Он её один хоронил. Тогда никого уже не было. А ему… Восемнадцать.
Это так больно, что Полине снова приходится запрокинуть голову, с силой сжимая пальцами свои же плечи.
Она не должна плакать – это понятно. Но сложно…
И вопроса ни одного не задаст. Это не повод любопытствовать. Может и идти не надо было…
– Она в парня влюбилась. Из наших. Не то, чтобы плохого, просто безответно. Разное говорят… Вроде как он ей даже обещал что-то, а потом… На другой женился. Вот она в день свадьбы и… Спасибо отцу Павлу, отпеть согласился...
Гаврила бросает взгляд на Полю. В нем будто извинение даже. А ей за себя стыдно. За него больно так.
Слишком, чтобы удержаться.
Поэтому Поля подходит и на себя тянет.
Гаврила позволяет обнять и даже горбится, как Поля просит.
Гладит его по голове, смотря на портрет сестры вместо брата…
Такая красивая… Ну что же за дурочка такая, а?
Наверное, и он с этими мыслями спать ложится и просыпается.
И с чувством собственной вины: не уберег. Скорее всего и бабушке ведь обещал. А не уберег…
– Ты не виноват, – Полина шепчет тихо, в самое ухо. Целует мочку. Откуда-то знает точно, ему и сама Настя это же сказала бы.
О таком брате мечтать только.
Но Гаврила не отвечает. Стоит тихо, позволяя гладить себя по голове и спине. Ему это нужно. Потом выпрямляется, снова смотрит в глаза. Снова улыбаясь…

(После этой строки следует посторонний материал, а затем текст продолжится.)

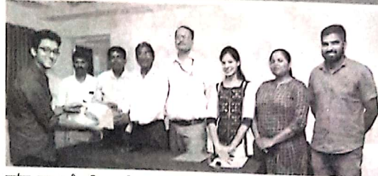
एमईएस कला आनी वाणिज्य म्हाविद्यालयाच्या कोंकणी विभागान आयोजीत केल्ले कोंकणी कविता सर्तींत जैतवंतक इनामां भेटयतना मानसत
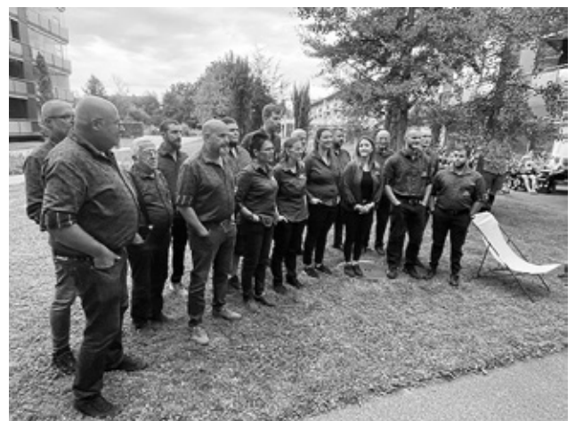
Jodlerklub Frohsinn Ostermundigen; Openair-Konzert im Tertianum vom Dienstag, 19. August 2025
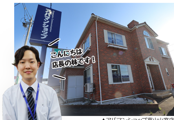
▲アパマンショップ富山山室店

店長歴としては通算まだ1年で、至らぬ点多いかと思いますが、管理大家さんの笑顔（えがお）のため、店舗スタッフや関係部署と力を合わせてまいります。今後ともよろしく願いいたします。
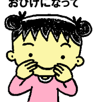
④3ぽんと3ぽんで おひげになって
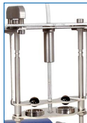
solution de centrage & dépose mécanique de Petrotest® (10-0840) (compris dans la livraison standard)

navigation dans les menus par technologie Jog-Wheel (tournez et appuyez!)
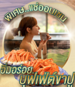
ออนเซ็น บุฟเฟ่ต์ใหญ่

ไฮไลท์!! อลังการไฟลั่นดวง ณ หมู่บ้านนาบาระ โนะ ซาโตะ เล่นสกี ณ พูจิกินสกีรีสอร์ท ที่จากหลังจะเป็น ภูเขาไฟฟูจิ น้ำตกชิราอิโตะ น้ำตกที่ศักดิ์สิทธิ์และขึ้นทะเบียนเป็นมรดกโลก บุฟเฟ่ต์ใหญ่ และผ่อนคลายกับการแช่น้ำแร่ธรรมชาติ (ออนเซ็น)
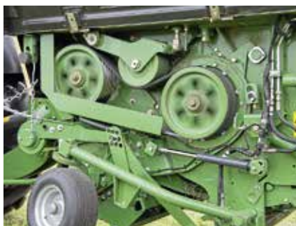
Von der BiG Pack übernommen: der Antrieb mit Verbundriemen und neuem Planetengetriebe im Rotorgehäuse.
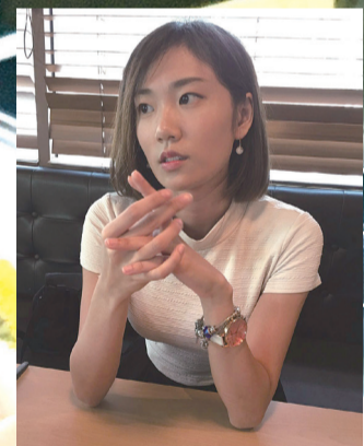
■鮑小姐不會因網上傳言而不吃三文魚生

食客梁先生亦不擔心三文魚有蟲的傳言，但他表示，會留意進食三文魚從哪裡進口，亦會揀選有保證的店舖和餐廳，不會選擇平價食店。
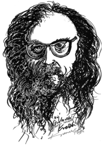
J. Grotowski (1933–1999) Zbigniew Kresowaty grafikája 1983-ból (forrás: wokimedia.org)

A Paraszínház időszakában a spontaneitásra összpontosított, valamint arra, hogy milyen kölcsönhatással lehet egymásra az emberi tevékenység és az embert körülvevő közösség vagy természeti valóság. A Források Színháza idején azt kereste, hogy mi az, ami képes felülmúlni az emberek közti különbségeket. Ennek érdekében létrehozott egy transzkulturális csoportot, és az emberi lény elemi összetevőit kezdte el vizsgálni, hogy feltárja, ami mindannyiunkat összeköt, s ami az emberi lét elválaszthatatlan velejárója. Ebben az időszakban sokat utazott csapatával, hogy a régi hagyományokkal, rituálékkal megismerkedve objektíven leírható mechanizmusokat és eszközöket tárjon fel. Marco de Marinis megfigyelése szerint ebben az új kutatási szakaszban a keresés magára az emberre összpontosult, viselkedésének különféle – testi és nem testi jellegű – technikáira, melyek „ lehetővé teszi, hogy az ember bárhol, bármilyen korban megőrizze eredeti gyökereit, saját organikus tevékenységének köszönhetően emelkedjen túl azokon a falakon is, melyek általában akadályozzák a benső és külső világra való nyitottságát, befogadóképességét. ” Ezek az eszközök később az Objektív Dráma korszak munkafolyamatának alapanyagaként szolgálnak. Kutatásai során sikerült olyan performatív alkotóelemekre bukkannia a rituálékban, melyek kulturális kontextusukon kívül is működőképesek lehetnek. Ez azonban a pontosság és precizitás követelménye folytán mesteremberi készségeket és művészi megközelítést igényelt.
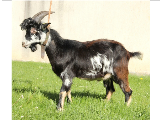
Financement CRB Anim
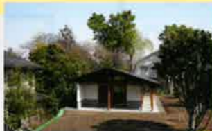
牢場遺跡の遺構覆
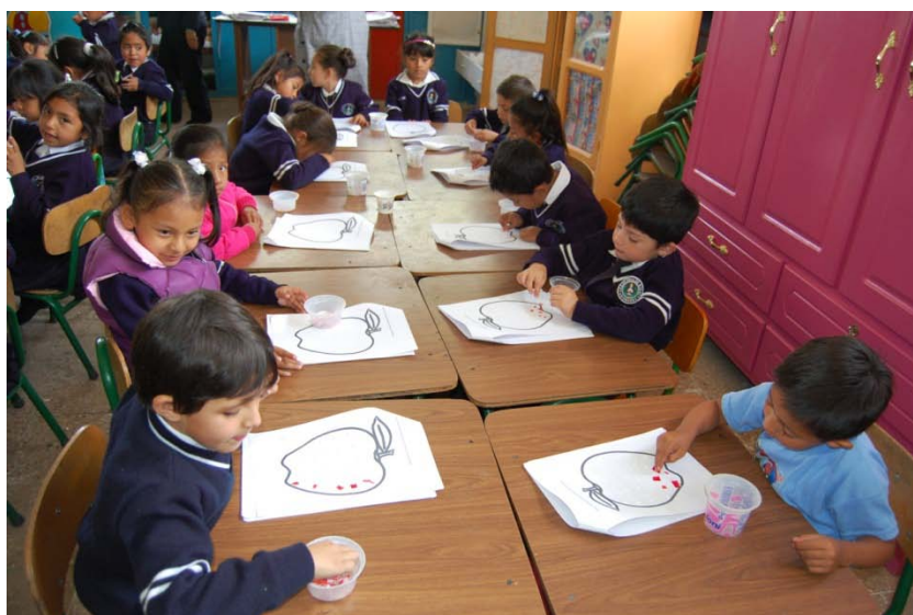
Fuente: Niños y niñas de la escuela Dr. Arnaldo Merino, terminando con el proceso de tazado
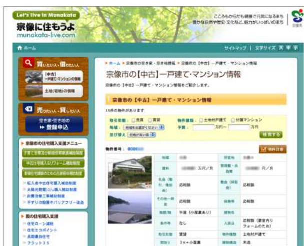
中古住宅(一戸建て・マンション)
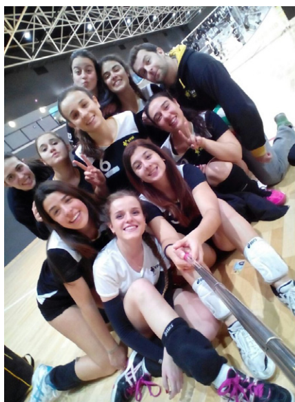
Voley Playa Madrid Juvenil.
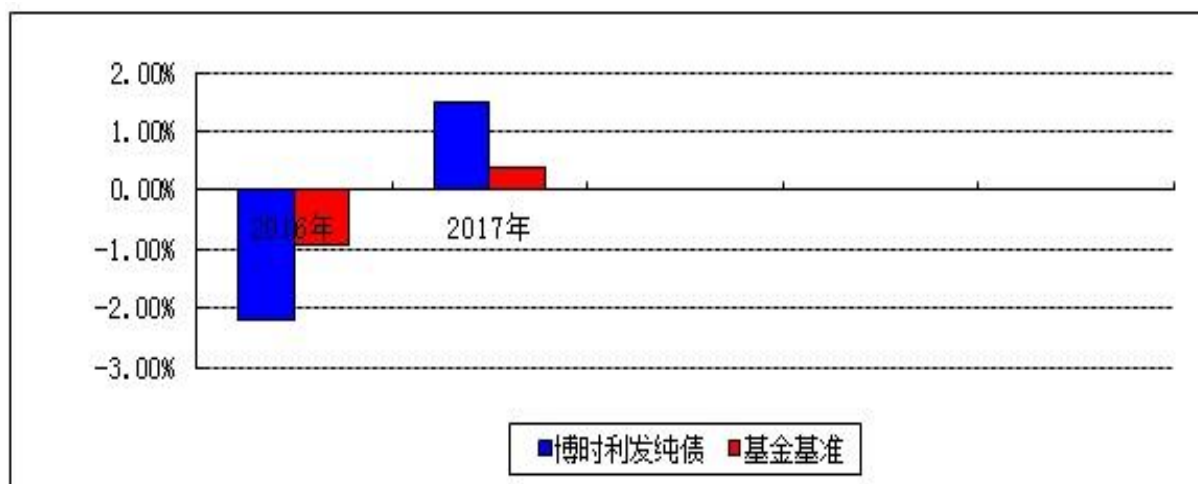
自基金合同生效以来基金净值增长率与业绩比较基准收益率的对比图

注：本基金合同于 2016 年 9 月 7 日生效，合同生效当年按实际存续期计算，不按整个自然年度进行折算。
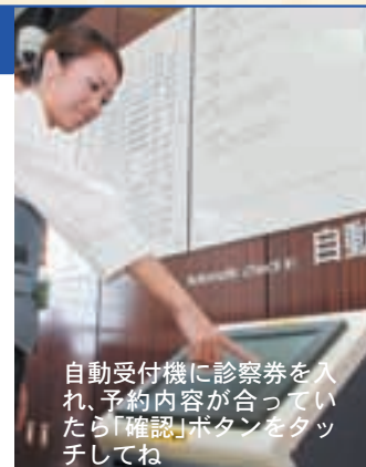
自動受付機に診察券を入れ、予約内容が合っていたら「確認」ボタンをタッチしてね

診察が初めての方の受付は「新患受付」へ、紹介状をお持ちの方は「地域医療連携室」で受付してください。再診の方(要予約)は「自動受付機」で受付をします。タッチ式の受付機で、使い方はとっても簡単!分からない場合は、近くのスタッフにお訪ねください。
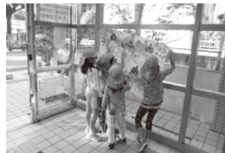
▲城山保育園の展示準備
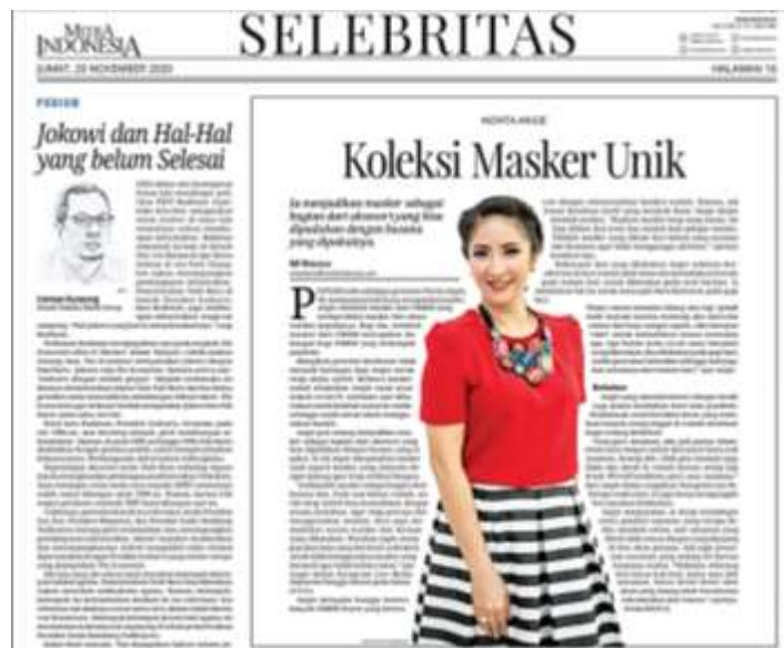
Gambar 3.2 Berita Selebritas yang Dimuat untuk Edisi Koran

Tak hanya untuk penulisan kanal weekend , penulis pun juga mendapat penugasan menulis berita ‘Selebritas’ untuk edisi koran. Hal ini jauh lebih sulit bagi penulis dikarenakan berita harus panjang karena untuk stok berita ‘selebritas besar’. Awalnya sangat sulit, namun ketika sudah melihat hasilnya dan dimuat dalam koran, penulis cukup bangga karena bisa menulis edisi koran meskipun masih butuh banyak bimbingan.
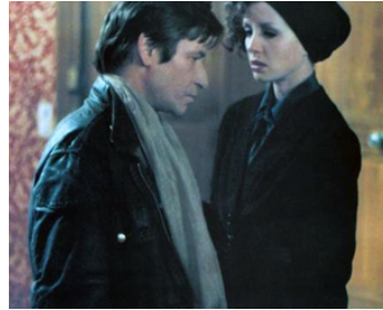
1975 DUELLE/LES FILLES DU FEU de Jacques Rivette avec Jean Babilée
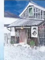
④ 河崎川の駅 (絵)
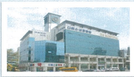
DS 내과병원 전경
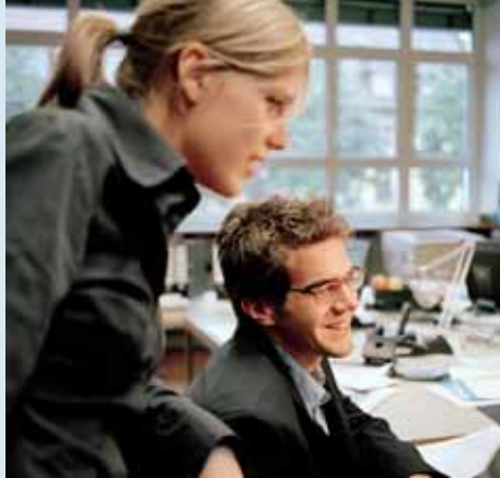
Eine Untersuchung der Bertelsmann Stiftung zeigt, dass Jugendliche in Deutschland ein positives Unternehmerbild haben.
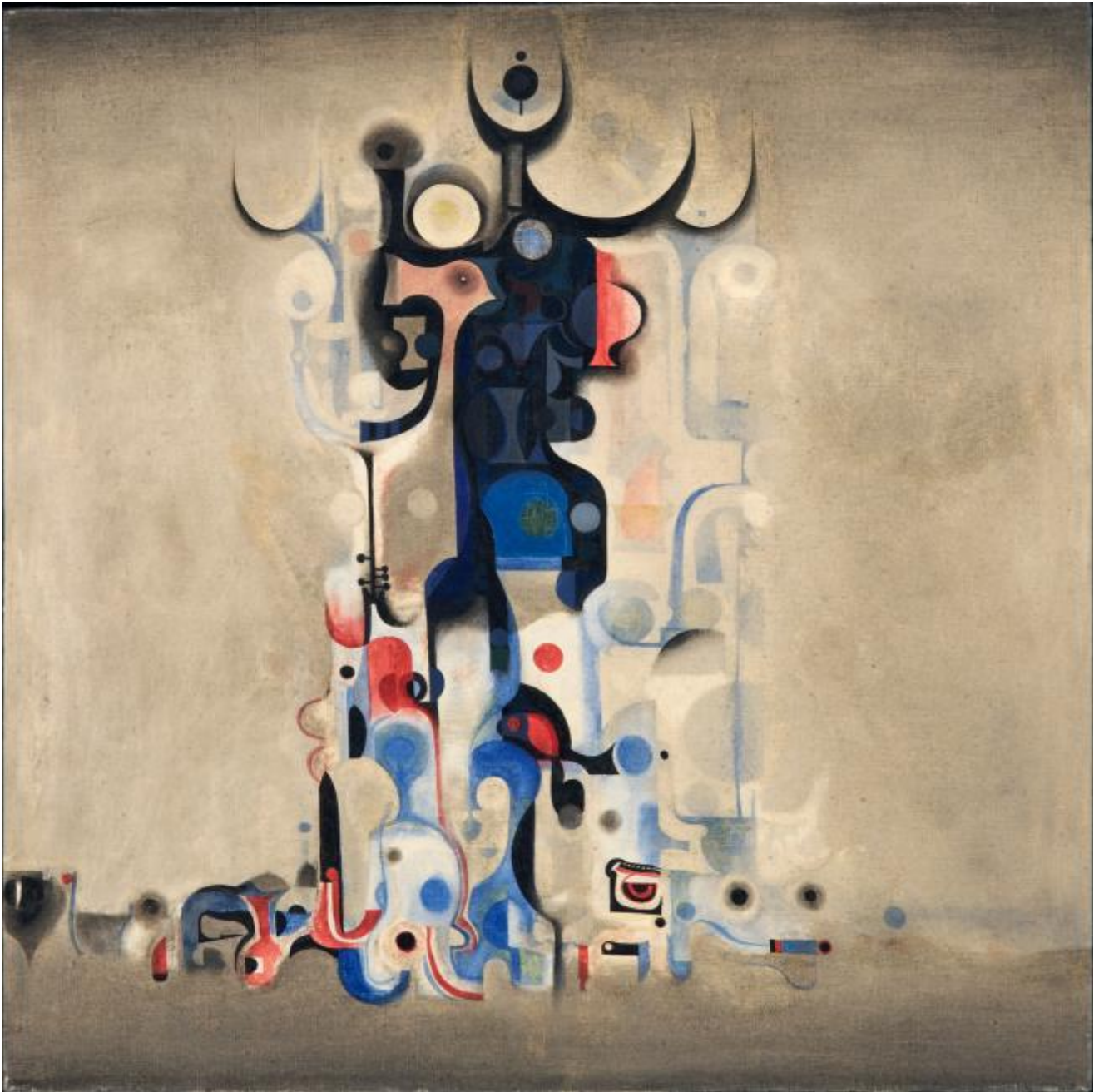
Ibrahim El-Salahi Vision of the Tomb 1965 Oil on canvas Museum for African Art, New York © Ibrahim El-Salahi

Dai primi ritratti degli anni Quaranta, figli di una scuola d'arte fortemente legata alle avanguardie storiche europee e figurative, la mostra percorre il cammino dell'artista sudanese fino ad oggi, di pari passo con la sua vita di pittore, attaché culturale presso diverse ambasciate sudanesi, prigioniero politico nelle carceri di Khartoum ed esule. Le Mémoires di El-Salahi, da poco pubblicate in arabo e che la Tate tradurrà e pubblicherà dopo l'estate, ripercorrono la vita eccezionale di un uomo che ha esposto al MoMA di New York, lavorato come attore ed illustratore per le novelle del grande scrittore sudanese Tayeb Salih e non ha smesso di pitturare nemmeno in carcere, dove ha continuato a produrre di nascosto, usando una penna a biro e dei fogli di quaderno.
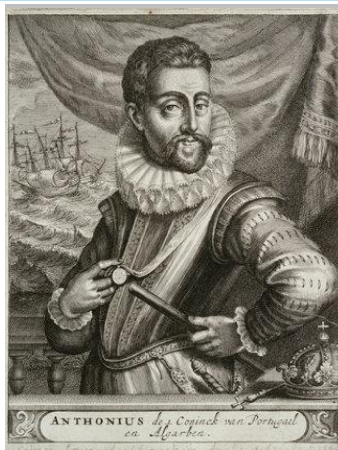
» D. António I, mostrando a medalha da Ordem de Aviz. Gravura flamenga, 1595. Museu Nacional Marítimo (Greenwich, Londres). » D. Anthonius I, showing the medal of the Order of Aviz. Flemish engraving, 1595. National Maritime Museum (Greenwich, London).

Após a morte do jovem monarca D. Sebastião na batalha de Alcácer Quibir (Norte de África), em agosto de 1578, e a do seu sucessor tio-avô, o Cardeal D. Henrique, em janeiro 1580 – ambos sem descendentes –, instala-se novamente uma crise na sucessão à coroa portuguesa e, conseqüentemente, a ameaça de uma guerra civil. Entre os candidatos estão os netos do Rei D. Manuel I: D. Filipe II de Espanha; D. António I, Pio do Crato (que havia sido resgatado do campo de batalha na qual D. Sebastião perdera a vida); e ainda D. Catarina, duquesa de Bragança. A disputa resvala num conflito militar entre os dois primeiros. Em junho de 1580, em Santarém, D. António I é aclamado rei pelos populares e por alguns nobres que receiam a perda da independência e que procuram o apoio em Lisboa e noutras cidades. Por sua vez, a nobreza, o clero e a burguesia que esperam privilégios e riqueza, ficam do lado de D. Filipe II. Apoiante deste, o duque de Alba assenta tropas em Setúbal a 16 de julho de 1580, antevendo-se a conquista da capital do reino que viria a ter como palco principal a ponte de Alcântara. As tropas de D. António são derrotadas, ficando aberto o caminho para os 60 anos da dinastia filipina.
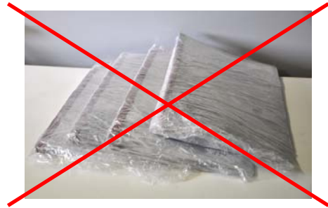
Verpackung von Einzelstücken, Zusammendrücken oder Umschlagen der Folie an den Seiten
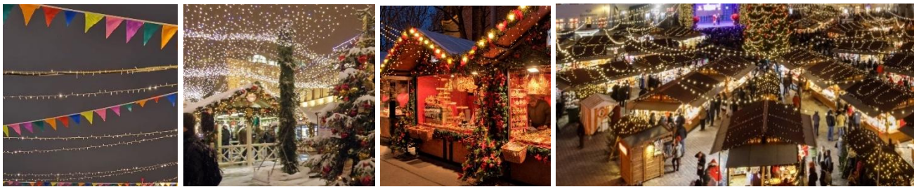
Рис. «Варианты тематического декора»
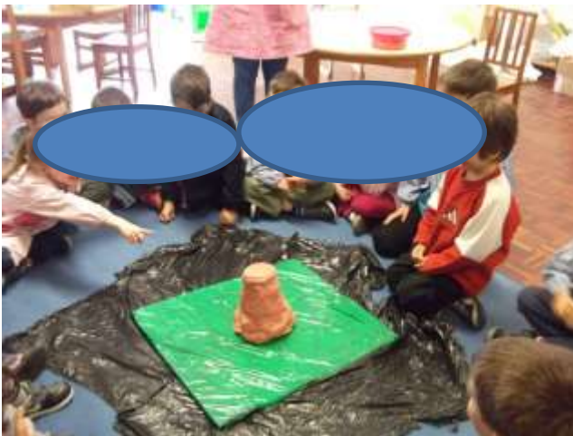
Figura 36 – Experiência do vulcão
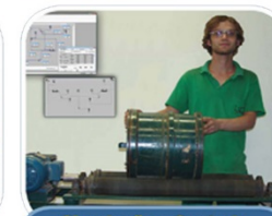
Simulação e Controle de Processos de Trat. de Minérios (LSC)
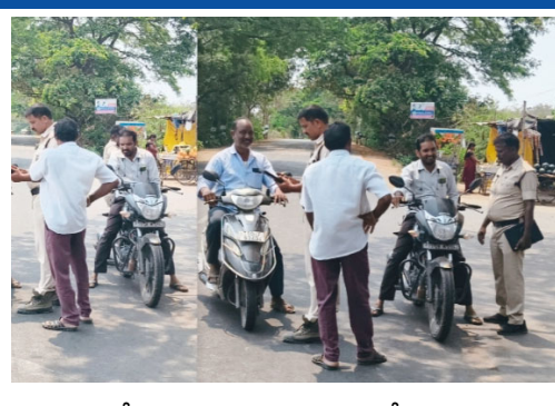
భద్రత అనేది ఒకరి బాధ్యత మాత్రమే కాదని, ప్రతి పౌరుడి బాధ్యత అన్నారు. ట్రాఫిక్ సిగ్నల్స్ పాటించడం, వేగ పరిమితులకు లోబడి డ్రైవింగ్ చేయడం, హెల్మెట్, సీట్ బెల్ట్ ధరించడం, మధ్యం
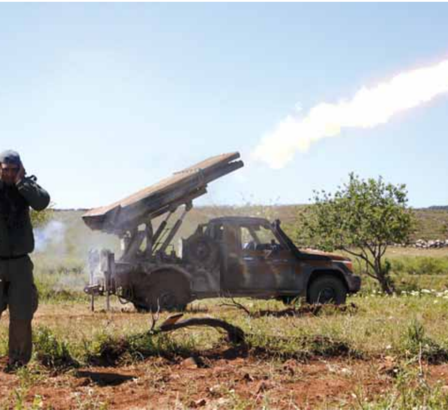
قصف الجيش السوري على مواقع المسلحين في حلب

مسؤولون اميركيون أنها تعرق الانتقال السياسي في سوريا. من جهته، أعلن وزير الخارجية الروسي أنه بحث تطورات الأوضاع في سوريا وسبل مكافحة «الإرهاب» مع نظيره الأميركي، فضلاً عن الخطوات التي يمكن القيام بها لتنفيذ الاتفاقات حول سوريا. وقال لافروف إن الولايات المتحدة قادرة على فصل المعارضين المعتدلين عما وصفها بالمنظمات الارهابية في سوريا لكنها لا تقوم بذلك، وفق تعبيره. وشدد على ضرورة أن تُعقد المفاوضات السورية
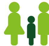
GENITORI CON FIGLI PIÙ GRANDI
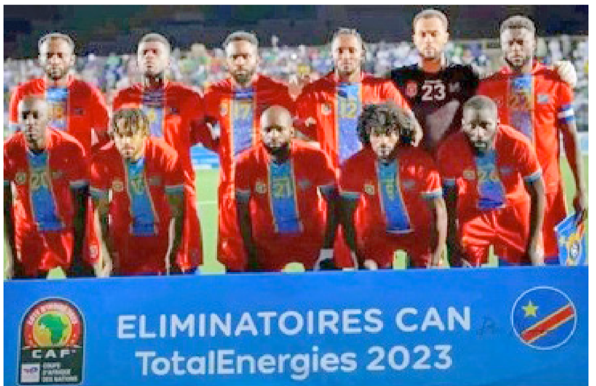
Les Léopards de la RDC avant le coup d'envoi du match contre les Mourabitounes de Mauritanie à Nouakchott

– Говорят, нам на роду написано изойти всем. Дед, – кивает на крайний памятник, – с внучкой местной ведьмы когда-то гулял. По молодости совсем. По глупости. Еще до того, как баб-Лампу встретил. Потом у них любовь случилась. Искренняя. Он замуж её и позвал. А та не выдержала – разозлилась. Прокляла. Вроде не суеверный я, мне Бог ближе. Но иногда прямо сложно не думать… Их нет. Мамки нет. Брат у неё был – тоже нет. Насти нет. Я один… И то…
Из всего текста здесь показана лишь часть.